Researchers conducted a large trial including nearly 16,000 women, belonging to different ages, many of whom were not at high risk of having a child with a chromosomal abnormality. Norton mentioned that the test provides an option for women to find out very early in pregnancy. The test can be done as early as 10 weeks into a pregnancy. The test looks for free-floating DNA (cfDNA) from the fetus and can find extra copies of chromosome 21, which causes Down’s syndrome. It also detects other genetic conditions like trisomy 13 and trisomy 18. Research team reported that the test detected all 38 cases of Down’s syndrome whereas the standard screening test found just 30 out of 38.
The test has a lower rate of false positives but not a zero rate. Lyn Chitty of Great Ormond Street Hospital, a specialized children’s hospital in London, said “This study supports the need for invasive testing to confirm a positive cfDNA result: nine of the 47 results indicating a high risk of trisomy 21 were false positives.” Standard screening furnished 854 false positives.

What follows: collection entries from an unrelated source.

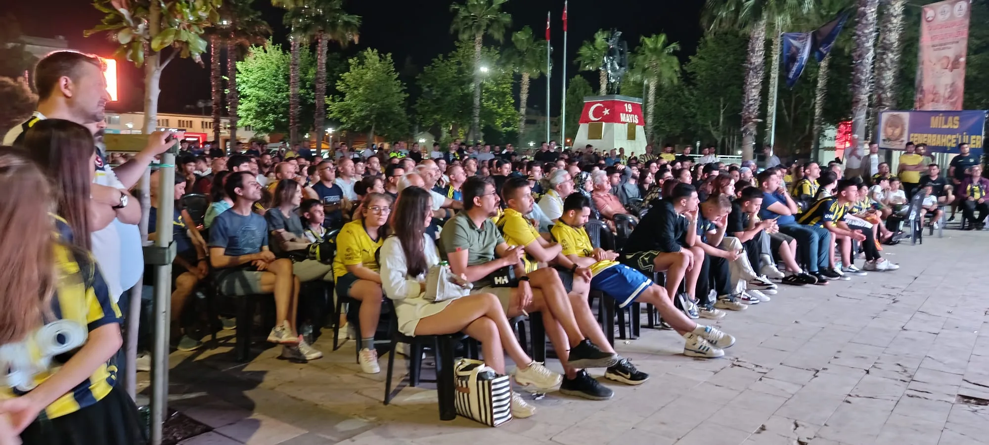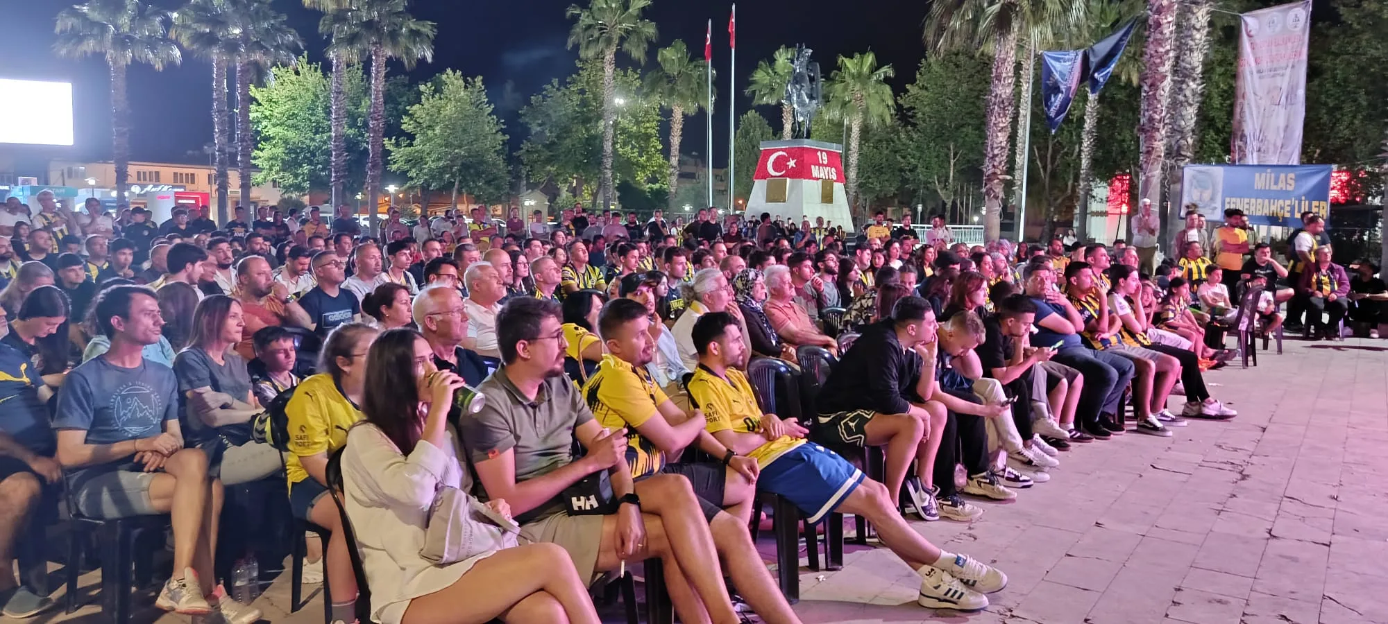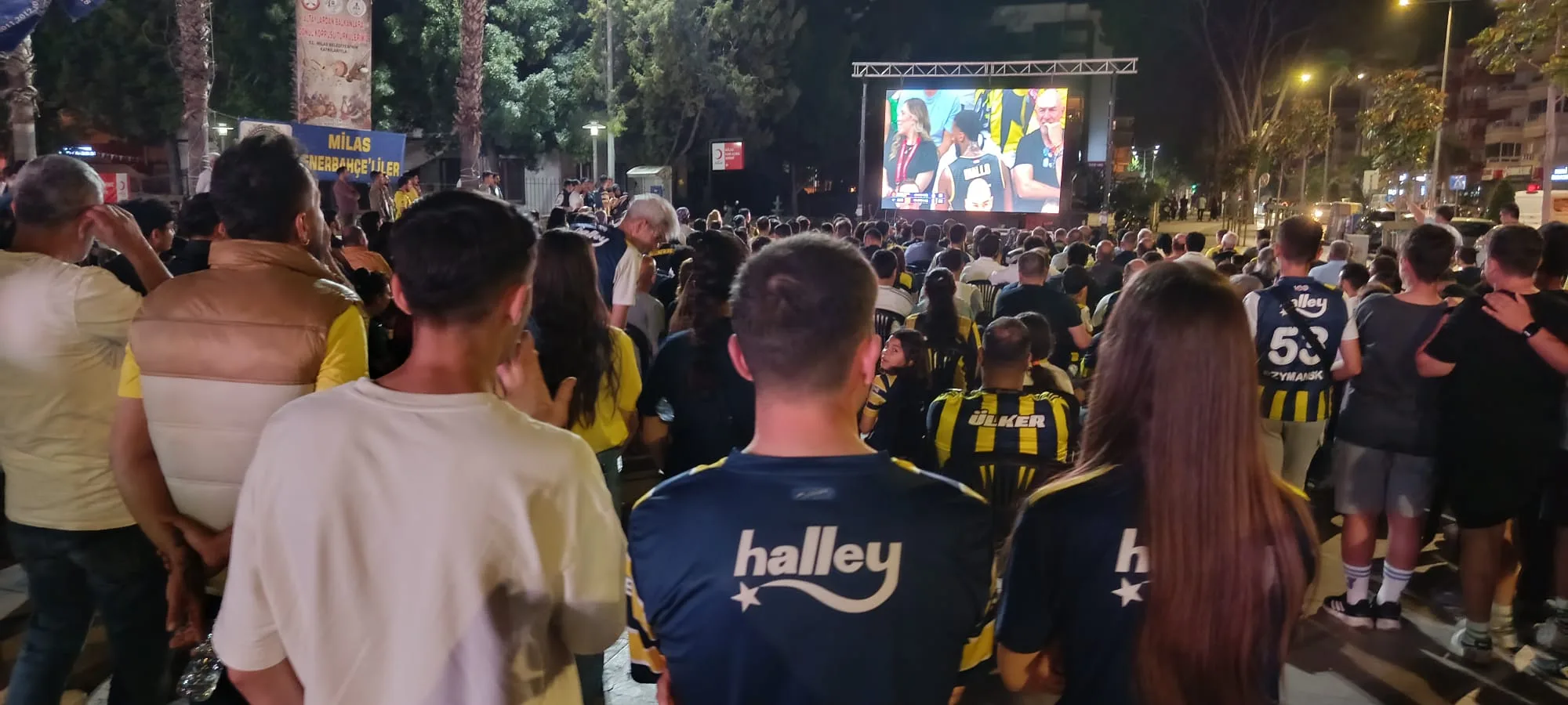 THY Euroleague Final Four finalinde Fenerbahçe Beko ile Fransız temsilcisi Monaco arasında oynanan tarihi karşılaşma, Türkiye’nin dört bir yanında olduğu gibi Milas’ta da büyük bir coşkuyla takip edildi. Milas Fenerbahçeliler Derneği tarafından Atatürk Anıtı önüne kurulan dev ekranla sarı-lacivertli taraftarlar maç heyecanını birlikte yaşadı.
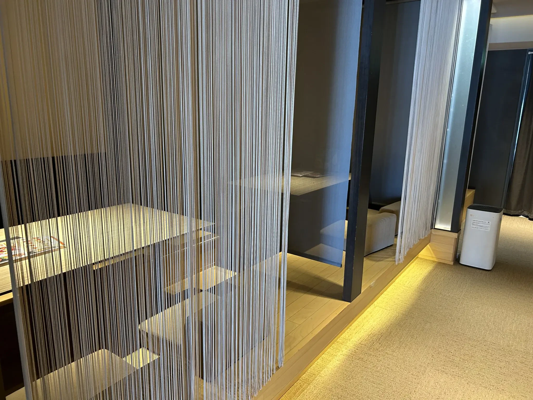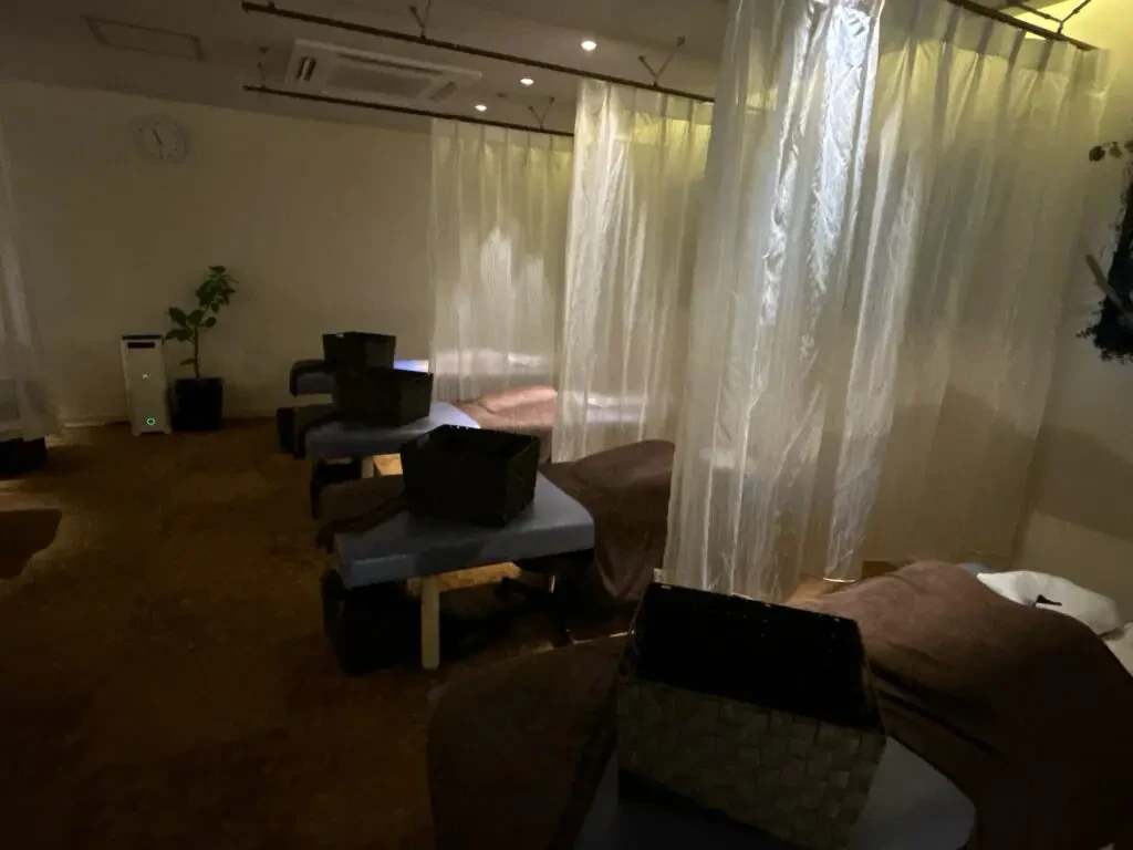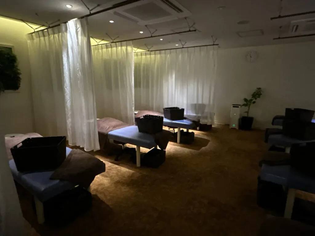 カーテンで仕切られているもみほぐしルーム。ボディケアは館内着で行います。
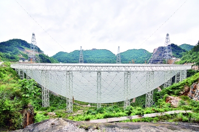 俯瞰坐落于喀斯特地貌中的500米口径球面射电望远镜全貌。秦刚摄 光明图片/视觉中国
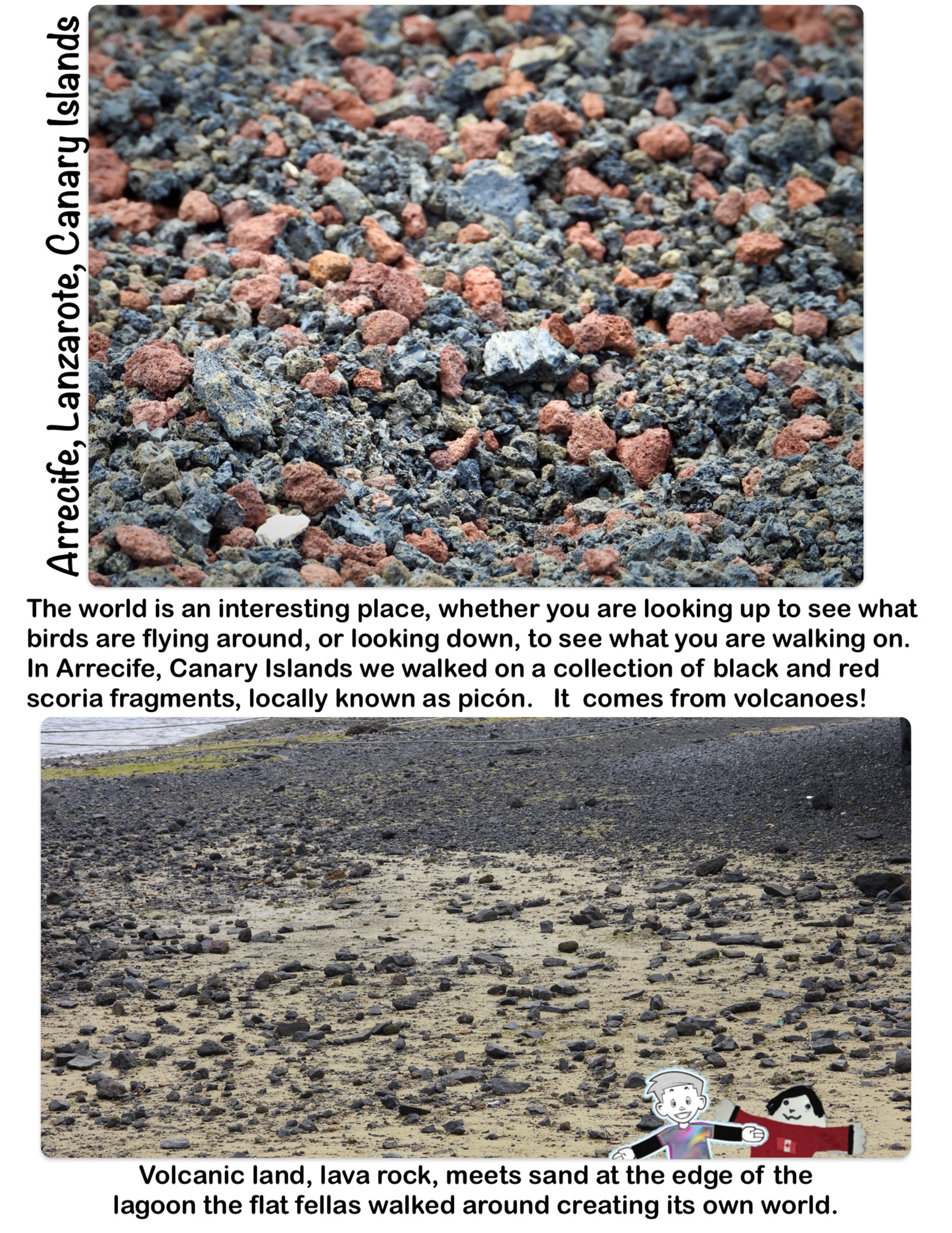 The world is an interesting place, whether you are looking up to see what birds are flying around, or looking down, to see what you are walking on. In Arrecife, Canary Islands we walked on a collection of black and red scoria fragments, locally known as picón. It comes from volcanoes!
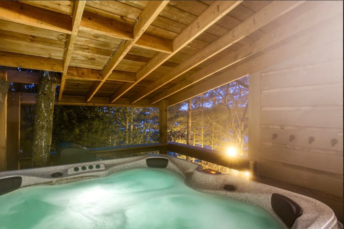 Escape to a serene lakeside retreat this summer. From your private dock, take in the beauty of the vibrant nature wonderland. When evening falls, unwind in the hot tub with stunning views, gather around the fire pit for s’mores and stargazing or cozy up by the fireplace with a warm cozy drink ☕ Book your unforgettable waterfront cottage retreat now! 🏡✨
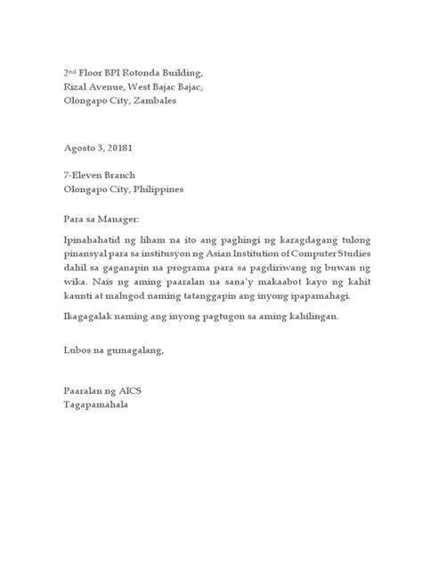 Ako po si [Pangalan], kinatawan ng [Pangalan ng Kumpanya]. Nagpapasalamat po kami sa inyong oras at interes na basahin ang aming liham.

Norton highlighted that any prenatal test should be discussed thoroughly with a patient. She added “Providers need to be attuned to patients’ preferences and counsel them about the differences in prenatal screening and diagnostic testing options. Those women who do opt for cell-free DNA testing should be informed that it is highly accurate for Down syndrome, but it focuses on a small number of chromosomal abnormalities and does not provide the comprehensive assessment available with other approaches.”
Usually, Down syndrome is tested by looking for cells from the fetus and performing an ultrasound to detect structures associated with the syndrome. Amniocentesis is a very accurate test detecting a vast range of genetic problems but it is usually not done until 18 weeks gestation. In rare cases the test can also cause miscarriage. According to the recommendation of the American College of Obstetricians and Gynecologists, cell-free DNA tests should be offered to women over 35 but not to those who are at low risk of having a baby with Down’s syndrome or another chromosomal abnormality.